And during the Coachella music festival, some of the world's biggest bands play its 1000-capacity outdoor stage.

Pappy and Harriet's Pioneertown Palace is an intimate venue in the middle of the desert in the Coachella Valley and the bands play outdoors as stars twinkle overhead in the warm skies.

Pioneertown's Mane Street.

Pioneertown's Mane Street.Credit: Getty Images

Recently, Paul McCartney played a concert for a mere 300 guests. During this year's Coachella festival, bands Glass Animals, Future Islands and Car Seat Headrest were among the acts to grace its stage.

The Palace is renown for its fantastic mesquite barbecues and Tex-Mex food, but it also has a great bar, with friendly staff and interesting locals (including Josh Homme, from Queens of the Stone Age, who lives nearby).

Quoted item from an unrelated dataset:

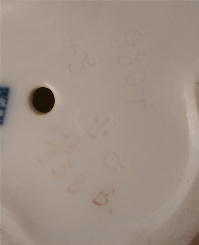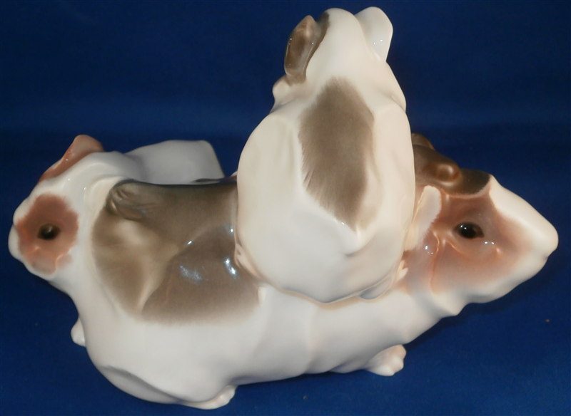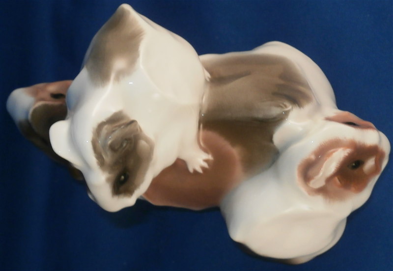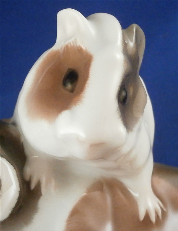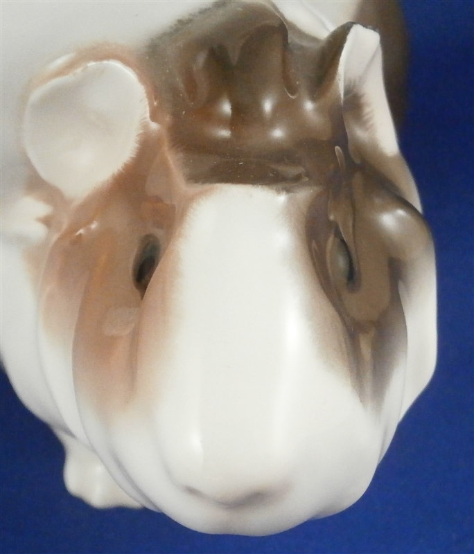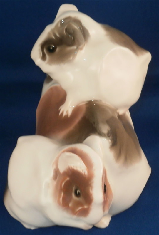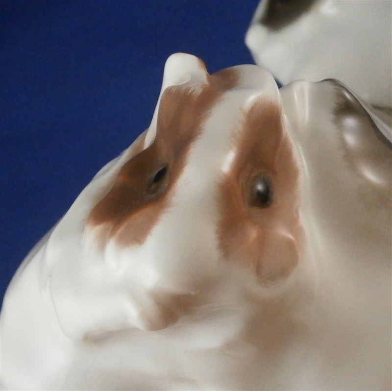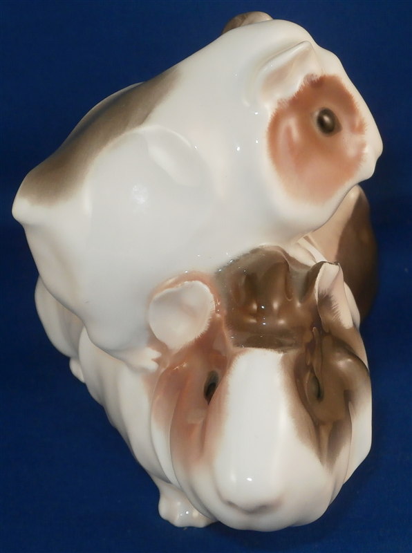 This is a superb angora guinea pig figurine made by KPM in the early 20th century during the Art Nouveau period when they were first designed by Wilhelm Carl Robra whose intitials are faintly impressed between the front paws of the adult! This rare figurine is super cute with the mom or dad being played on by two little ones. Superbly modeled and colored with underglaze brown tones this is one great piece to have in your collection! The underglaze colors are pretty unique to this period for KPM. The piece is in perfect condition. The figure is 4 inches tall, 3.5 inches wide and 6 inches long. The figure is marked underneath with the underglaze blue scepter and orb as well as 140/558 and B. in pink and the usual impressed marks as shown. Please email me for more information or other pictures.

If you're heading to Joshua Tree via Palm Springs, you might miss the turn-off for Pioneertown, off the Twentynine Palms Highway, which is lined with hip-looking vintage stores worth a peruse and Frontier, a popular cafe.

The road dips over desert hills for about 15 minutes until you reach Pappy and Harriet's. Behind it lies Pioneertown, which consists of one dusty, dirt street – Mane Street. Pioneertown is essentially a fake 1880s frontier town – and an Instagrammer's dream – featuring a deserted bowling alley, a sheriff's office, a couple of barns with hay bales decorating the entrance, and the Pioneertown Gazette office.

There are huge saguaro cactuses, wagon wheels, barrels, saddles, train carriages, and even a town jail. But beyond the fakery is a strip where people actually live – retirees and artists, mostly.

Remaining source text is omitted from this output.